Mengapa saat ini banyak anak, remaja, dan bahkan orang dewasa yang mudah tersulut emosi, mudah melakukan perundungan (bullying), melakukan tindakan kekerasan, mudah menganiaya orang lain, bahkan sampai tega menghilangkan nyawa orang lain? Disamping ada masalah dengan latar belakang dan pribadinya sendiri, bisa saja karena lingkungan tempatnya belajar (rumah, sekolah, dan lingkungan masyarakat) tidak memunculkan pendidikan yang berbasis welas asih. Ditambah dampak negatif dari media sosial yang akrab di gawai mereka. Masalah ini menjadi hal yang kompleks dan solusinya harus melibatkan berbagai pihak terkait. Tidak hanya mengandalkan salah satu pihak saja.

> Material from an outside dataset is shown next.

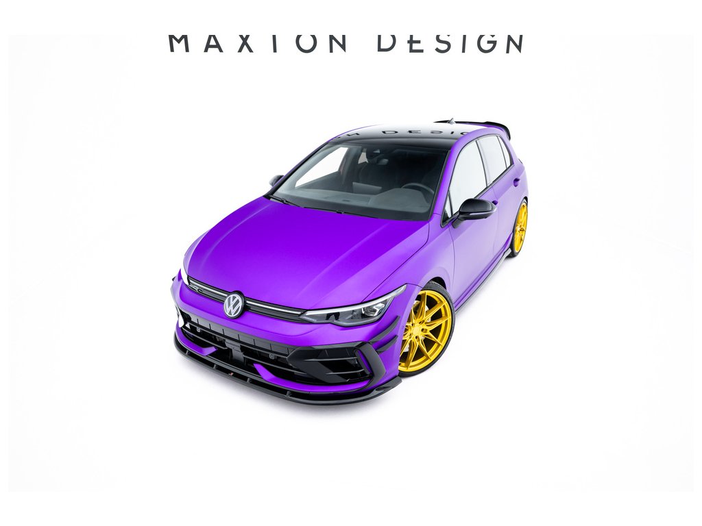 Maxton Design spoiler pod přední nárazník ver.2 pro vozidlo Volkswagen Golf R Mk8 Facelift . Povrchová úprava spoileru černý lesklý plast ABS.

Data-data dari lembaga terkait dan berita viral yang muncul di media terkait tindakan bullying dan tindakan kekerasan sungguh sangat mengerikan sekaligus membuat kita merinding dan prihatin. Kadang kita bertanya dalam hati, kok bisa ya anak yang masih di bawah umur melakukan tindakan kekerasan dan merudapaksa korban hingga meninggal? Sudah separah itukah kondisi moralitas bangsa? Sudah separah itukah dampak gawai dan media sosial dalam “mencuci otak” generasi muda? Apakah hal ini menjadi ciri kegagalan pendidikan? Lalu, bagaimana pendidikan yang di satu sisi menjadi “tertuduh” atas terjadinya krisis karakter bisa memberikan solusi atas masalah tersebut?
Pendidikan berdasarkan welas asih menjadi sebuah ikhtiar bersama untuk mewujudkan generasi muda yang disamping cerdas secara intelektual, terampil, juga beradab dan berakhlak mulia. Tantangan Gen-Z dan Gen Alpha saat ini sangat kompleks. Disamping
maraknya dampak negatif dari teknologi di era digital, banyak juga anak muda yang lebih suka atau lebih memilih ”dibimbing” dan ”diasuh” oleh gawai dibandingkan oleh orang tua dan guru. Mereka juga kebingungan mendapatkan figur yang bisa menjadi teladan bagi mereka. Di sinilah orang tua, guru, pemimpin, dan para tokoh diharapkan bisa menjadi agen-agen untuk menjadi (contoh) role model pendidikan berbasis welas asih tersebut sehingga anak didik bisa menjadi manusia yang berperikemanusiaan.